Thursday, August 11, 2011
There's another round of claims coming, but mostly what is happening now is that we seem to be rolling higher-paid jobs out and lower-paid jobs in.
Because of the funding problems at the state and local government levels and pending cuts in some service industries, these are pretty well doomed to tick up again. But right now we are through one bulge, auto production is okay (although final sales trends may still be degenerating), and we will have to live through a pretty tight winter.
As we move through into next year, lower mortgage rates and time should help home sales. This will boost the economy a little. If we do not continue the FICA tax cut (and we shouldn't) it will take some money out of the economy. However lower fuel prices seem likely to put far more back in.
India reported 9.9% inflation, mostly on food. China is sitting at 6.5%. We have a way to go before we can get prices more aligned with incomes and production profit margins.
PS: On policy. First, see Mark's post. The Fed cannot possibly afford to do QE3, because inflation expectations are relatively high. The last a debt-loaded economy needs is higher interest rates, and the fact that interest rates are so discontinuous with inflation expectations is a bad warning in and of itself.
Second, the consumer economy worldwide is teetering, primarily on basic rises in costs:
“You’ve got to stimulate demand growth,” said Indra Nooyi, CEO of Purchase, New York-based PepsiCo, in an interview. “Until we stimulate primary consumption, the cash will continue to sit on the sidelines.”Yeah, well that's a fine idea, but the ability to continue stimulus operations is highly limited. And you know what? For many companies, demand is going to fall relative to the last six months, because of the collapse of capital markets. That high end 20-25% that Howard Davidowitz was talking about just got a painful kick in the, er, confidence organs:
The biggest one-week plunge in stocks since 2008 followed by the downgrade of the country’s top credit rating may even be unnerving those who are fully employed and earning more than $100,000 a year. Rising concern among such households, which have the wherewithal to spend, poses a risk to a recovery that Federal Reserve policy makers said this week was already advancing “considerably slower” than projected.Regarding this, and I apologize for the crudity, I can only comment "No Shit, Sherlock". The high-end consumers were carrying retail sales expansions! Now they will be considerably more cautious, which means further impairment of money flows throughout the economy. This points out the perils of following a stimulative strategy which selectively increases the incomes of the top 1/4 while decreasing the incomes of the bottom 3/4, plus impairing the return on investment for companies producing stuff.

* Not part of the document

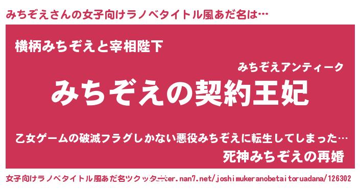 | 男性向けラノベタイトル風あだ名 | 『誰もが恐れるあのみちぞえが、ぼくの専属メイドになるようです。』 |
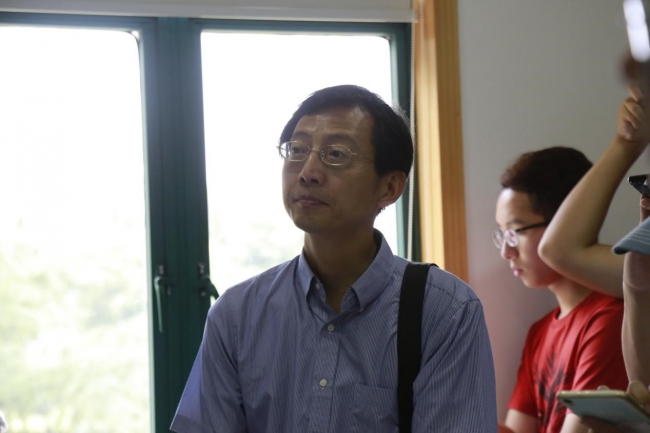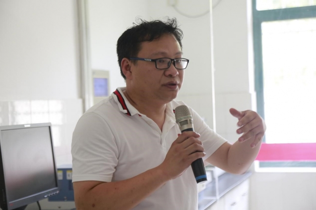 参观了解完松浦水文站内基本情况、GIS实时监测系统、水文站实验室样品流转程序、常用仪器以及操作方法之后,站内的老师带领同学们前往水文站内室外观测场和测亭。在观测场上,老师们主要讲解了蒸发量是如何监测的,并且向同学们介绍并演示日常工作中工作人员是如何通过人工雨量设备和自动雨量设备来对雨量进行监测掌控的。

The cure for this is to let Mr. Market work his magic and destroy the excesses in the system. It's gonna hurt, but at the end of it prices will settle at a point at which the volume interchange of goods and services can begin to increase again. Prevent the financial system from collapsing. Let investors take losses on their bad investments. That's the only cure now, and it is a sure and certain cure.
Also, central banks have effectively run out of the ability to use monetary infilling to support price structures. The Fed's QE2 was 600 billion over six months. Now let's look at the retraction of money into Other Deposits in the US - here's the last graph again:
If you look at that graph, Mr. Market has sterilized over half of that money in a few short months. The beatings will continue until morale improves, and morale will improve from the bottom up this time.
In its own way, the Fed has become a Communist Party-like structure attempting to fix prices and control markets. This is working just as well for us as it did for the Soviets and the Communist Chinese era. Planned economies don't work because they are inherently brutally inefficient economies. It is not the name of the thing that counts, but the nature of the thing.
The four horsemen are approaching, and they're on auto-pilot.
"The Fed cannot possibly afford to do QE3, because inflation expectations are relatively high."
That's pretty much how I see it. I believe Bernanke is going to surprise a lot of risk investors at some point.
He simply cannot afford to risk letting the 1970s inflationary genie spiral out of the bottle. We wouldn't have a cork big enough to contain the gusher.
I don't know for sure that what they say is really what they think, but it seems to me that when oil and metals break down, QE3 is likely to follow.
Plosser, Kocherlakota and Fisher. These three certainly would vote against QE3.
Not only that, but look at the action today. Home prices aren't really dropping, except of course in relatiionship to the cost of a hamburger or a gallon of gas.
On Treasuries, we saw the rebellion on the long end today.
Labor productivity is down - the Fed did succeed in driving some wage gains. They honestly don't have room for QE3. I believe they might lose a few more when it comes down to it.
For what it's worth, I'm not making any bets either way.